The coalition’s lawsuit details how the facility’s waste, light pollution, noise, and traffic threaten fragile water conservation areas that sustain endangered species and the tribe’s homelands, wetlands that carry the memory of centuries, according to Gulf Coast News.
“The federal and state defendants are dancing a wild two-step together,” one attorney told the court, accusing DHS and Florida of “bending over backwards to avoid accountability,” Gulf Coast News reported.
According to the outlet, attorneys for the environmental groups reminded the court that the single runway at the site was originally part of a massive Everglades Jetport project halted in 1970 after scientific studies showed severe environmental damage. Half a century later, they noted, the same stretch of tarmac lies in the middle of ancient grasslands once again at the center of a battle over whether development should outweigh environmental and tribal protections.

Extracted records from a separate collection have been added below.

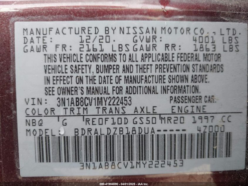 NISSAN SENTRA 2.0 2021 г.в., Передний привод (3N1AB8CV1MY222453) из США
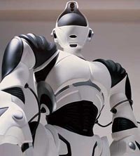 HRP-1S, el primer robot humanoide que maneja otra maquina [Backhoe], por si solo. Es fabricado por Honda, y es una mejora al conocido ASIMO. |
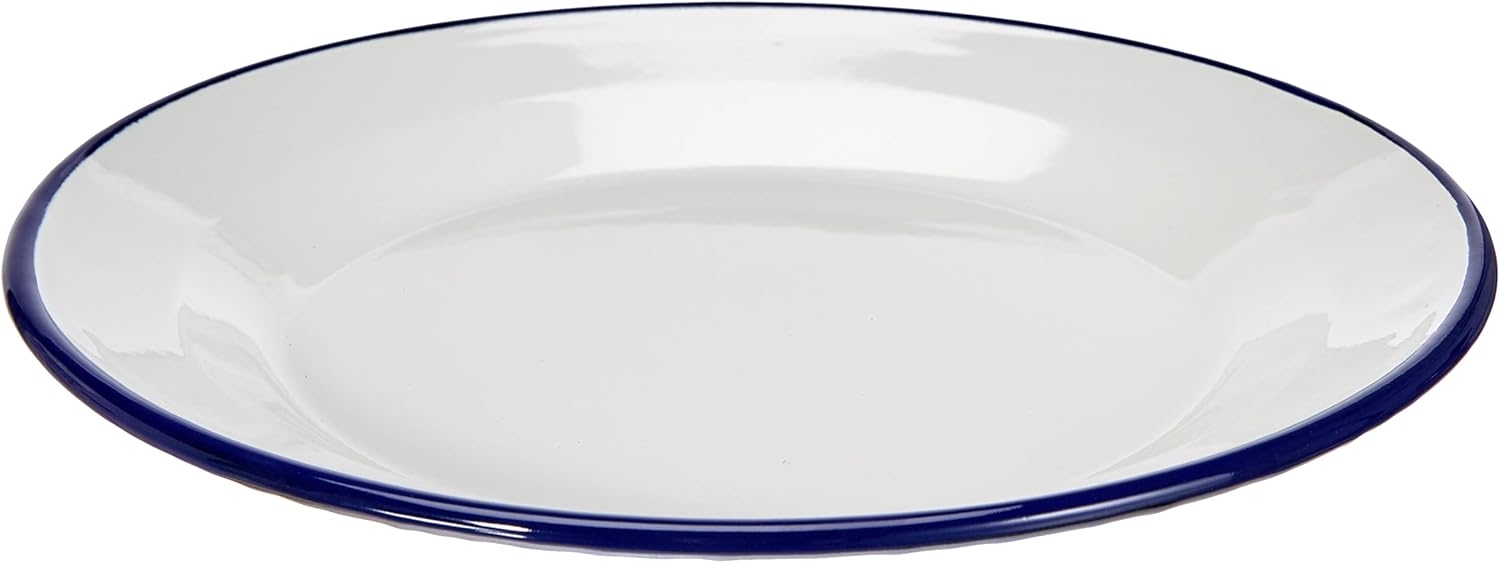 Teller flach aus der Email-Serie HUSUM. Farbausführung: innen und außen weiß mit blauem Rand. Vielseitig verwendbar, leicht und mühelos zu reinigen. Maße (L x B x H): 24 x 24 x 3 cm.
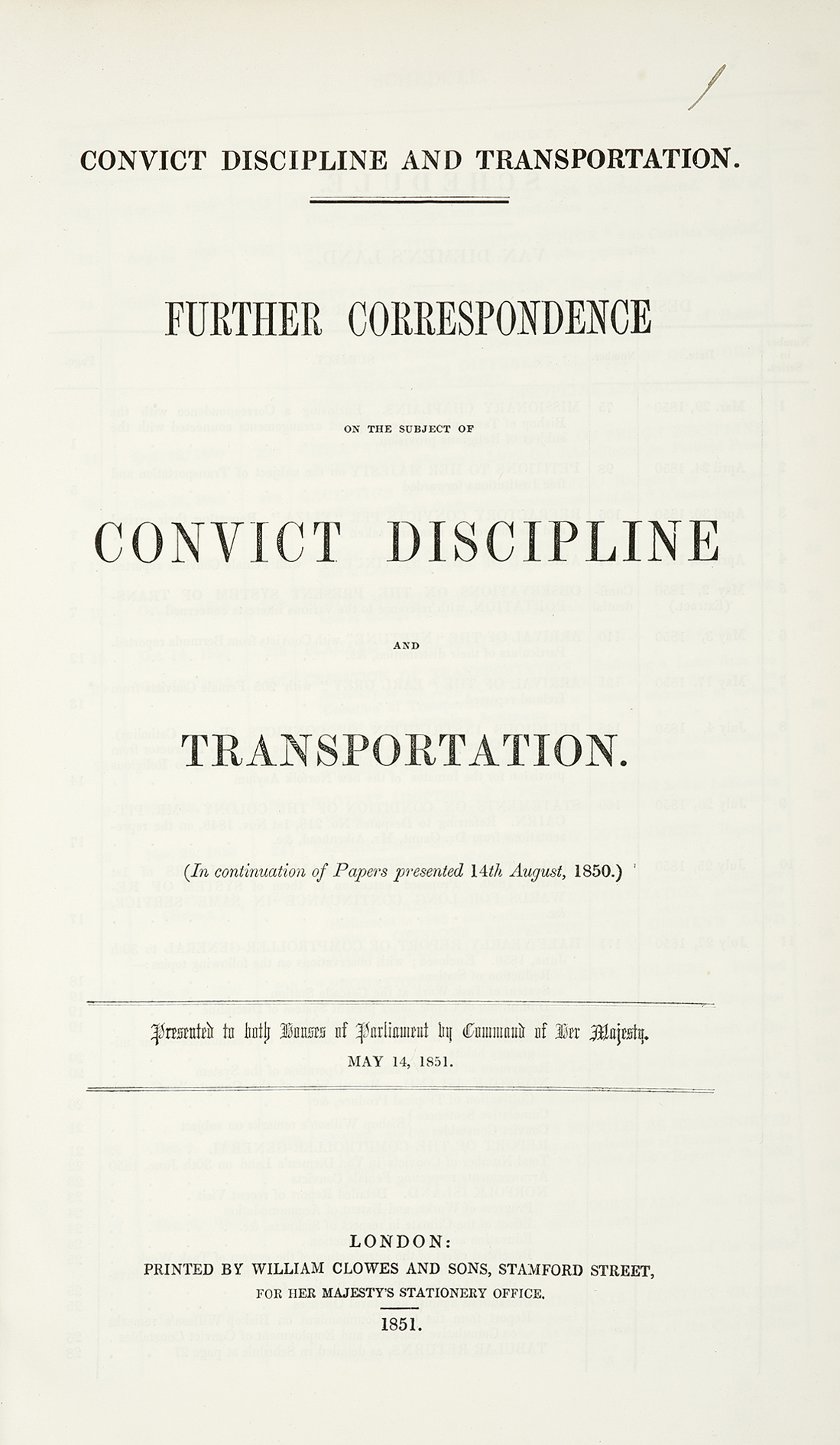 1851. viii + 254pp. Folio. Rebound in blue card covers. British Parliamentary Paper. . Includes reports on arrival of first convicts in Western Australia. (146pp), on Tasmania (64pp), on NSW (Includes accounts of arrival of last direct shipment), of convicts to Moreton Bay (Brisbane)).
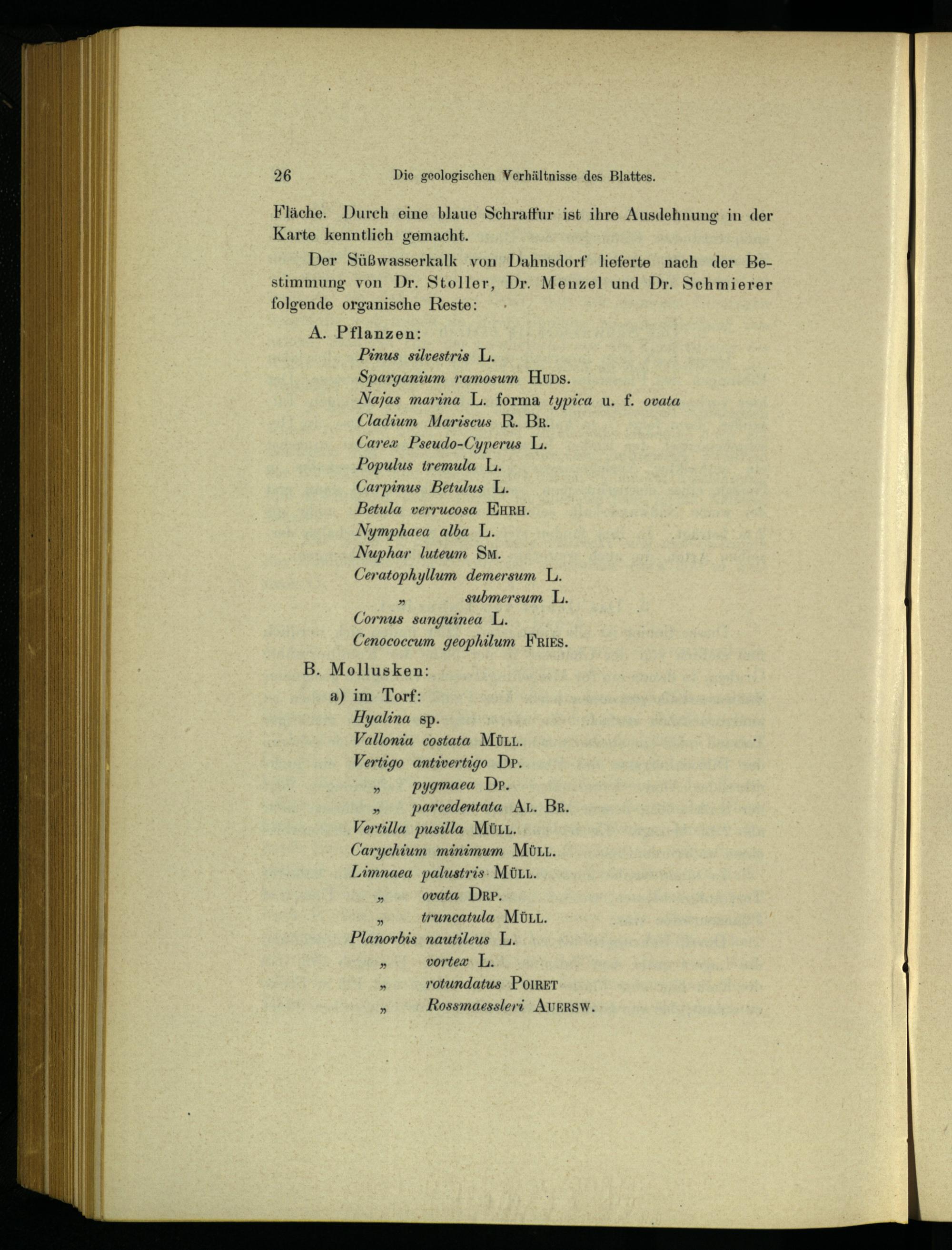 Der Süßwasserkalk von Dahnsdorf lieferte nach der Bestimmung von Dr. Stoller, Dr. Menzel und Dr. Schmierer folgende organische Reste:
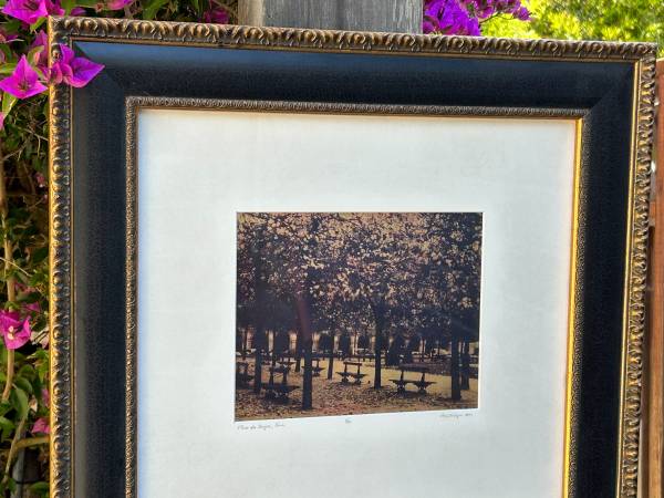 Jardin du Luxembourg and Place des Vosges. Beautifully framed and matted in 20x21 frames and both are 9x7 inches. I apologize for the glare in the photos. Second pair is from another local artist and measure 8x8, some wear and chips noted.
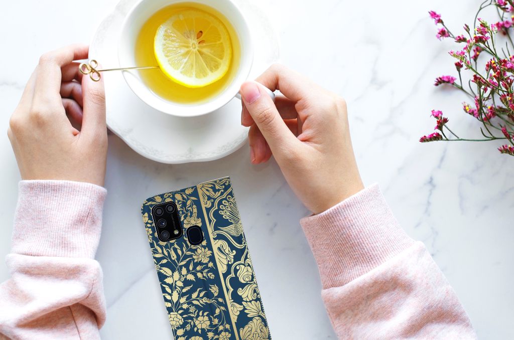 Dit koninklijke hoesje met Beige Flowers ziet er oogverblindend uit. De beige kleur geeft dit design hoesje een super fraai en chique uiterlijk. Je voelt jezelf de koning te rijk als je jouw telefoon beschermt met deze elegante case. De donkerblauwe achtergrond geeft dit design hoesje extra uitstraling en combineert goed met beige. Het hoesje ziet er zeer kostbaar uit, maar is erg goedkoop. Voor een zeer bescheiden bedrag ben je in het bezit van dit design hoesje. De case geeft jou en je smartphone extra status. Voor goedkope design hoesjes zit je goed bij B2C Telecom. Het design staat op een stand case. Deze case beschermt jouw Samsung Galaxy M31 aan alle kanten en beschikt over een 1 opbergvakje en een speciale standaard. Het Smart Cover wordt afgesloten met een magneet aan de binnenzijde. De houder aan de binnenzijde is van TPU. Alle zijden van de stand case worden bedrukt.
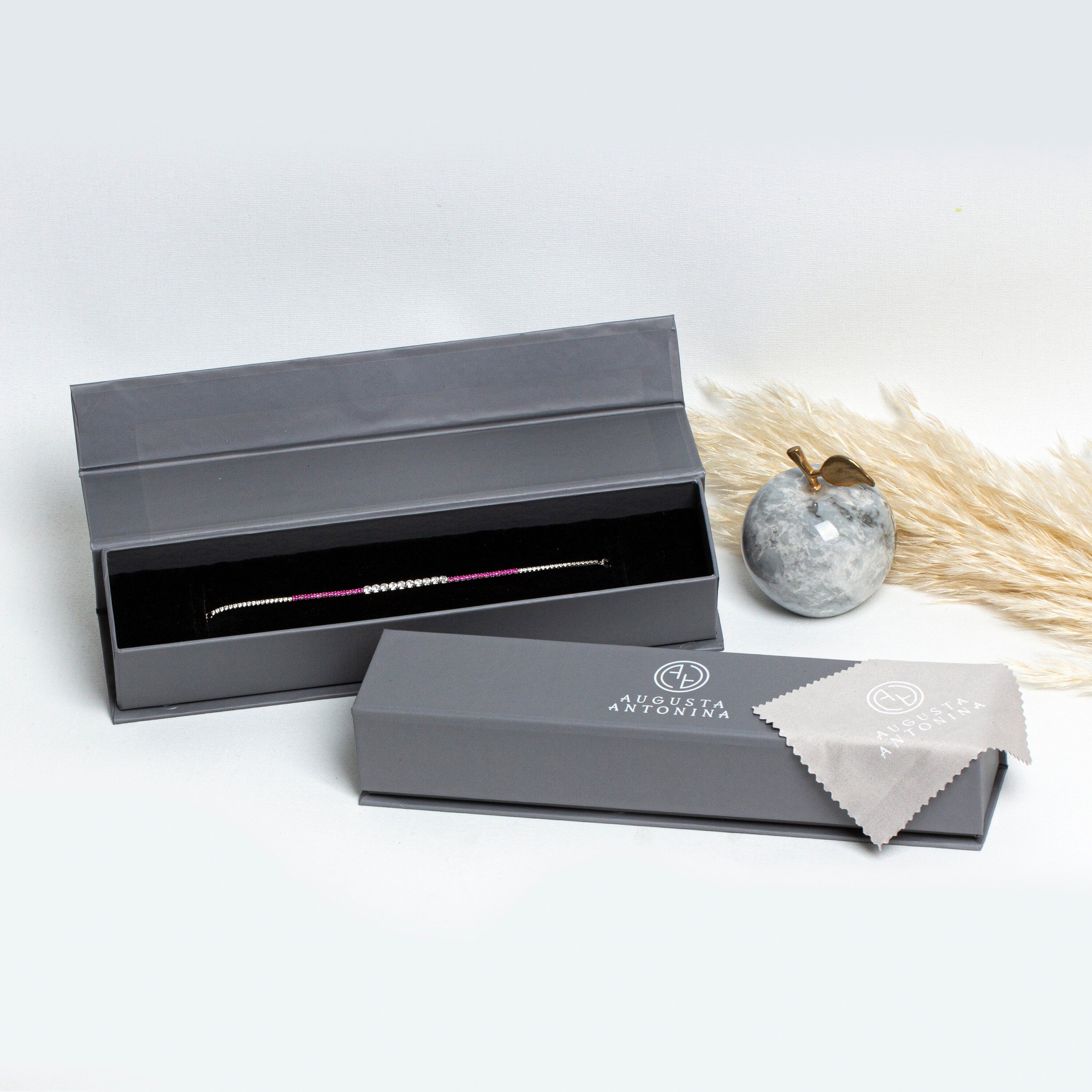 Minimalist Silver Pink CZ Tennis Bracelet is handcrafted by the finest artists with love and care. Dainty Layering Pink CZ Diamond Chain Bracelet is made from 925 solid sterling silver, white cubic zirconia, pink cubic zirconia stones. Round Cut CZ Diamond Bar in the middle and the pink cz stones two sides of it adds elegant look. Cutest design of our tennis bracelet collection is a perfect match to your outfit and available for daily using. Dainty Tennis Bracelet is always awesome gift idea to yourself and your loved ones.

DHS attorneys argued in court that Florida, not the federal government, operates the site, and that no pre-operation environmental data exists to show harm, according to Gulf Coast News. The judge has already issued a temporary order blocking new construction while crews prepared the facility to hold up to 3,000 detainees, the outlet reported.
For the Miccosukee Tribe, the stakes extend beyond environmental science. The land sits within their ancestral territory, where the grass bends to seasonal monsoons and the water carries stories older than any runway. The transformation of that ground into a high-capacity detention camp raises questions about sovereignty, consent, and the right to defend waterways from industrial-scale use, Gulf Coast News reported.
The legal fight doesn’t stop at the wetlands’ edge. A second lawsuit, brought by civil rights groups, claims that detainees are being held without charges, denied meetings with lawyers, and stripped of immigration bond hearings after a federal court abruptly canceled them, according to Gulf Coast News. That case is scheduled for a hearing next Monday, and the judge in the environmental suit has not yet issued a decision, the outlet reported.
Until then, the Everglades’ ghost runway built on ancient wetlands remains both a relic of one halted project and the contested ground for another.